Gene Regulatory Network Architecture in Neuronal Development

Periodic Reporting for period 1 - GRAIN (Gene Regulatory Network Architecture in Neuronal Development)

Période du rapport: 2023-09-01 au 2025-08-31

In the original GRAIN project, we set out to define the gene regulatory network (GRN), i.e. the downstream set of genes that interact with one another to control a process, activated in the development of mesencephalic dopaminergic neurons, the cell type affected in Parkinson’s disease. Such network is driven by HES1, a downstream effector of Notch receptors, which mediates cell-cell contact dependent signalling and is crucial for fine tuning the balance between the maintenance of an adequate progenitor pool and the initiation of differentiation in many tissues. Due to unforeseen circumstances, six months within the start of the fellowship the project was subjected to a forced refocusing. Together with the new supervisor, we devised a project that addressed similar overarching questions and aims, in the context of a different signalling pathway (FGF/Erk signalling instead of Notch) and at a different developmental stage: the transition from naïve stem cells to primitive endoderm.
During development, a single cell gives eventually rise to an embryo and its extraembryonic, supportive tissues. This process is highly inefficient, as only 30-40% of conceptions will lead to live births. Recent studies have highlighted an association between correct specification of primitive endoderm (PrE), a tissue that will become the yolk sac, and successful embryo implantation. On a molecular level, it’s been shown that these cells are, to some extent, plastic: they maintain the potential to regenerate themselves and other cell types. How is this possible? Recent research from the Brickman group has revealed that some pluripotency factors, such as Sox2, presumably more active in stem cells and gradually repressed in more differentiated tissues, like PrE, remain bound to their target genes even after the differentiation into PrE has begun. We hypothesize this could be a mechanism to allow for the memory of a previous plastic state.
While the project tackles a fundamental question in biology, its results will help discover biomarkers or druggable targets that will become candidates for future translational research in the context of in vitro fertilization, to maximise successful embryo implantation.
Here, we further explore the plasticity potential of naïve-extraembryonic endoderm (nEnd, an in vitro model for PrE), by characterizing in vitro mouse embryo models called blastoids generated from nEnd and by using a panel of engineered cell lines for the controlled degradation of SOX2 to evaluate changes to the pluripotency network and in its plasticity potential in absence of these key transcription factors.
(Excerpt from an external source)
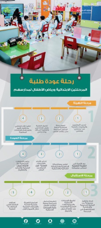 وتبدأ رحلة عودة الطلاب والطالبات إلى مدارسهم بتطبيق برنامج التهيئة للعودة الحضورية، الذي بدأ بترحيب المعلمين والمعلمات بطلابهم عبر منصتي «مدرستي» و«روضتي»، ومحاكاة أول يوم دراسي من خلال تصوير رحلة افتراضية من لحظة دخول الطلبة للمدرسة حتى وصولهم إلى مقاعد الفصل الدراسي، وكذلك تنفيذ لقاء افتراضي مع الأسر وأولياء الأمور لتزويدهم بالإرشادات المطلوبة التي تدعم التحصيل الدراسي والمحافظة على صحة أبنائهم، إضافة إلى تكليف المعلم لطلابه بعمل نشاط فني وتجهيزه لتسليمه في اليوم الأول.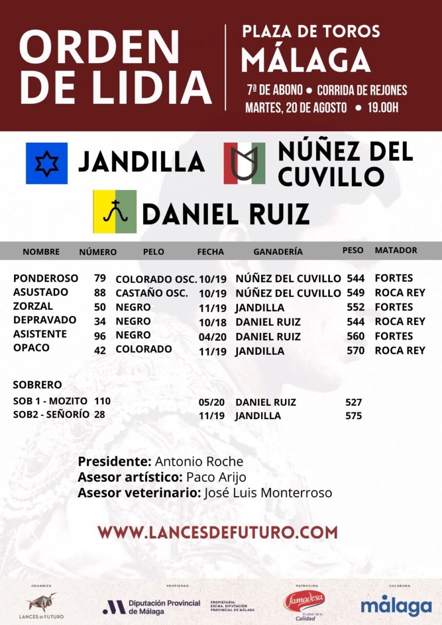 Ya han sido sorteados y enchiquerados los ejemplares de las ganaderías de Núñez del Cuvillo, Jandilla y Daniel Ruiz que se lidiarán esta tarde en la última corrida de toros de la Feria de Málaga, en la que se enfrentarán Saúl Jiménez Fortes y Andrés Roca Rey en mano a mano.

In the context of Sox2, we find its presence is not required during initial PrE differentiation, but its loss impairs plasticity in the expanded nEnd culture.
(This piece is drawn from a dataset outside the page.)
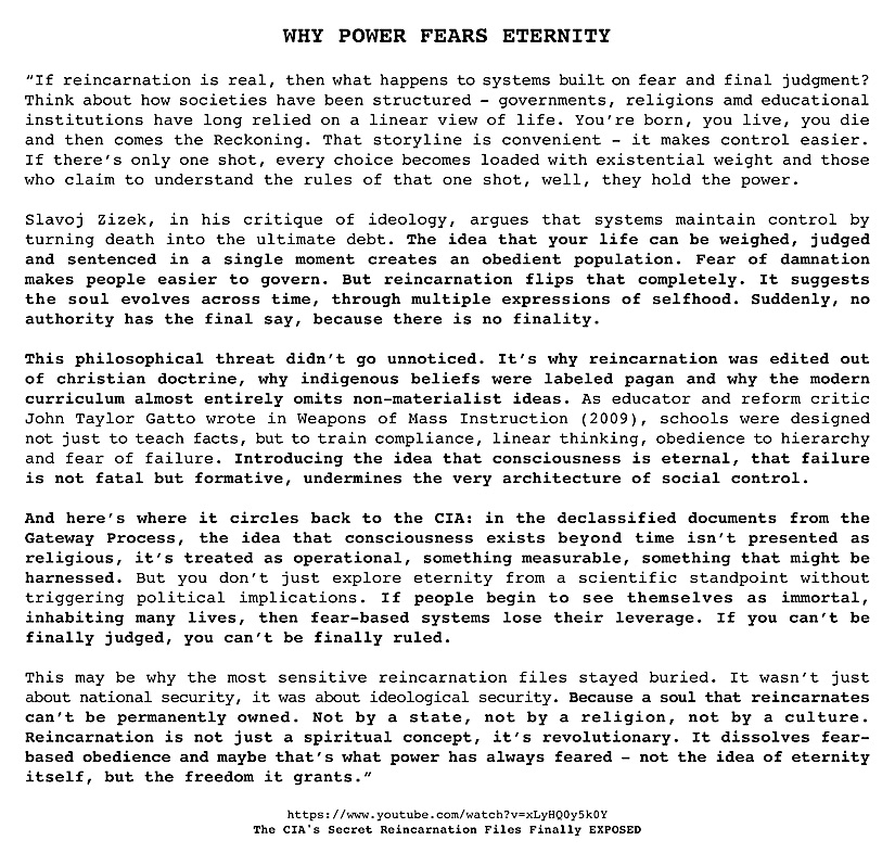 And here's a small riveting excerpt of a powerful, eight+ hour narration on reincarnation, straight from the X-files of the CIA: |

Results from the project include the characterization of PrE plastic potential in mouse blastoids generated from a primitive endoderm culture. Furthermore, we generated a panel of engineered cell lines, as well as sequencing datasets and differentiation protocols that ultimately will lead us to the definition of the gene regulatory networks driven by Sox2 and Oct4 in the context of early mouse development. Such results provide novel insight into the molecular mechanisms that stem cells can activate to maintain plasticity and could instruct future research, as well as lead to the identification of new biomarkers and druggable targets to improve successful implantation in IVF treatments.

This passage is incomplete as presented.